Troubleshooting SCSI Error EventID 9.
Posted on 2004-09-10
I jsut started looking into a backup server that was periodically failing. I found an eventid 9 "The device, \Device\Scsi\adpu160m2, did not respond within the timeout period." and then backup exec fails the job with a TFLE_PROGRAMMER_ERROR1" When I look into the statistics, I notice that a hard write has occured (unrecoverable write error.) This is just on one tape drive, and occurs only when the drive is transferring near its theoretical maximum for some time. When the same job is run with the same tapes on another tape drive, it is fine. I am trying to troubleshoot it and here are some ideas I have come up with so far.

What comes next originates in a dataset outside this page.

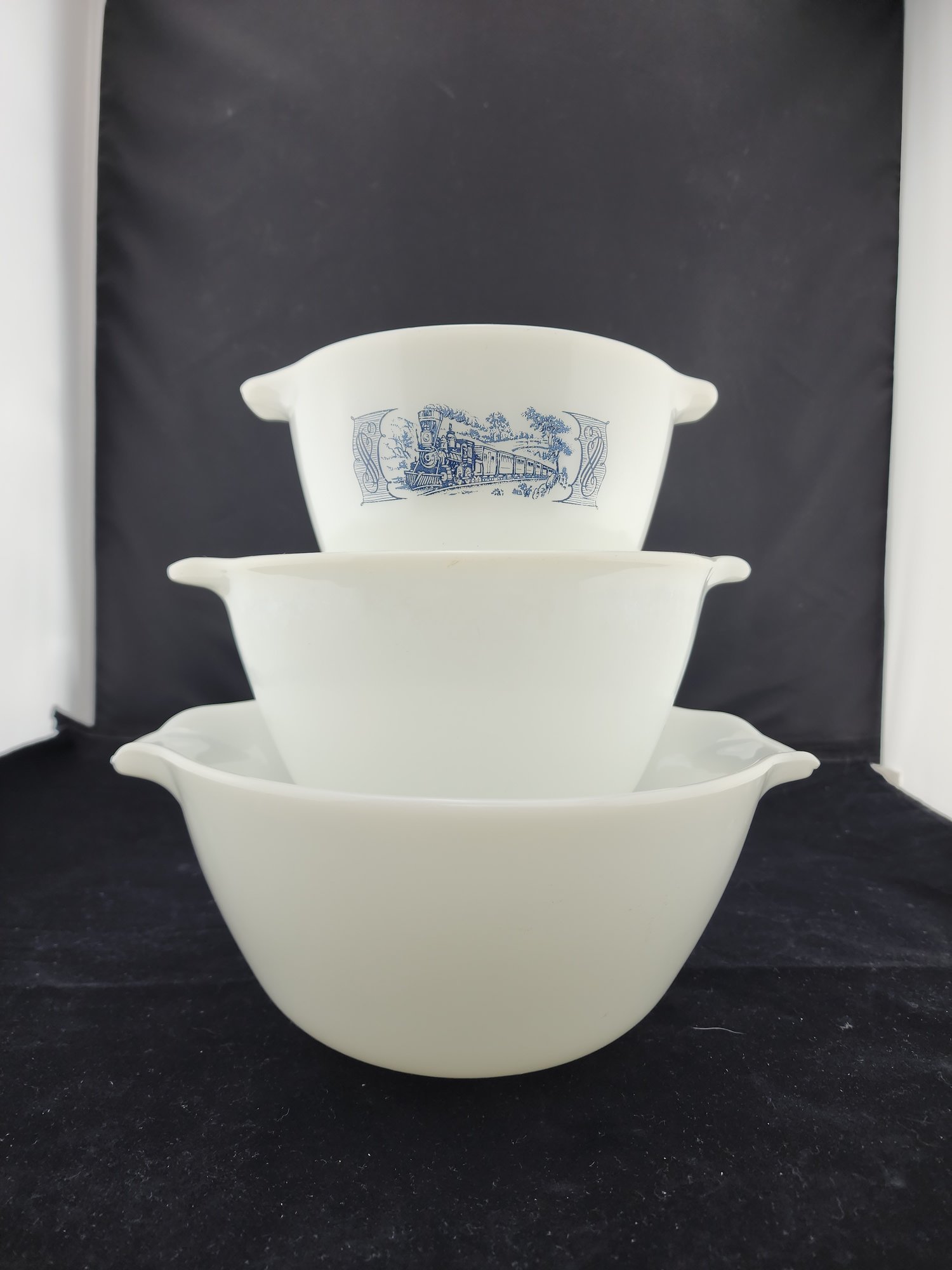 Large and Medium sized Nesting Mixing bowls in white with the FireKing stamp. Smallest bowl has a Currier & Ives scene, but has no marking on the base.

Please add any suggestions.
Using IBM LTO autoloader with 2 Ultrium LTO-1 Tape drives (3580)
There is an adaptec 29160 SCSI controller controlling these tape drives and changer.
There is a cable running about 12 feet total, and all these three devices (changer, two tape drives) are chained on one SCSI channel
The SCSI card is seperate from any other SCSI component in the system (hard drives)
It SHOULD be connected at Ultra2/Wide SCSI (40 feet maximum run or so)
I have run local drive tests for some time now and cannot replicate or find an error (local tape drive fast read/write, wrap test, head resistance test, etc.)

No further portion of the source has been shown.